JEFFERSON CITY – The Advisory Committee on Civil Rules' decision late last month that it will study third-party litigation funding in civil lawsuits and the potential need for a disclosure requirement may not be getting to the root of problem, a Missouri-based tort reform advocate said.
"Transparency when there are third party interests in the litigation is always a good practice," Missouri Civil Justice Reform Coalition Executive Director Richard AuBuchon said. "However, by the time these agreements for funding are in place, they have already done the harm to the individual by taking away any real chance of recovery, made the case more difficult for the lawyers to reach settlement and driven up costs for all involved."
The harm caused by third-party litigation funding, in which third parties such as hedge funds "invest" in litigation in exchange for a percentage of a resulting settlement or judgment, is especially hard on the most vulnerable of litigators, AuBuchon said.
"It is a practice extending further misery to those who may be more vulnerable than others and should be regulated or banned outright," he said.
Third-party litigation funding is a "global industry" in which about $100 billion is made available to fund litigation, according to the U.S. Chamber Institute for Legal Reform.
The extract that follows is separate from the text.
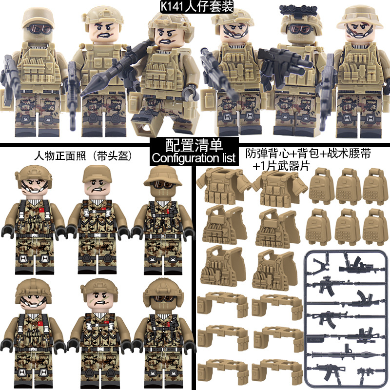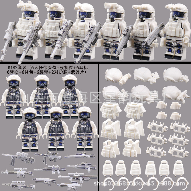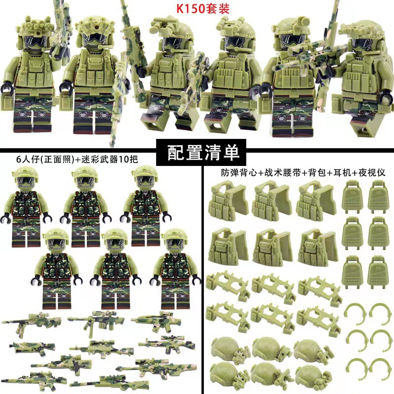국경 간 군사 빌딩 블록 유령 위장 특수 군인 부대 특수 경찰 팀 무기 및 장비 소년 조립

"The practice, while lucrative for those betting on cases, increases the probability that meritless claims will be brought, inserts questions about who is actually controlling the litigation other than the plaintiff and defendant, and makes settling lawsuits far more difficult and expensive," the ILR says on its website. "Even the funders admit they deliberately complicate litigation."
The Advisory Committee on Civil Rules for the U.S. courts announcement about its study of the effects of third-party litigation funding in civil litigation and whether disclosure requirements are needed was released in last October.
The committee already knows that third-party litigation funding litigation funding "is growing by leaps and bounds,” 48 insurance, business and tort reform advocacy groups said in a letter to the U.S. Courts' Committee on Rules of Practice and Procedure in early October.
Despite that growth, "very few MDL transferee judges presently report that they are aware of third-party litigation funding in the proceedings before them," the letter said.
"Disclosure is the only way that courts, parties and the committee will learn who is in the courtroom and understand the issues that are raised by their presence," the letter said. "The funders' fear of revealing privileged information should be handled just like it is for everyone else: redact it and ask for a protective order."
Even that won't be enough, AuBuchon said.
"Transparency and disclosure won't address the usury that is being perpetrated at the expense of people who are seeking redress in the courts," he said.
Editor's note: The St. Louis Record is owned by the U.S. Chamber Institute for Legal Reform.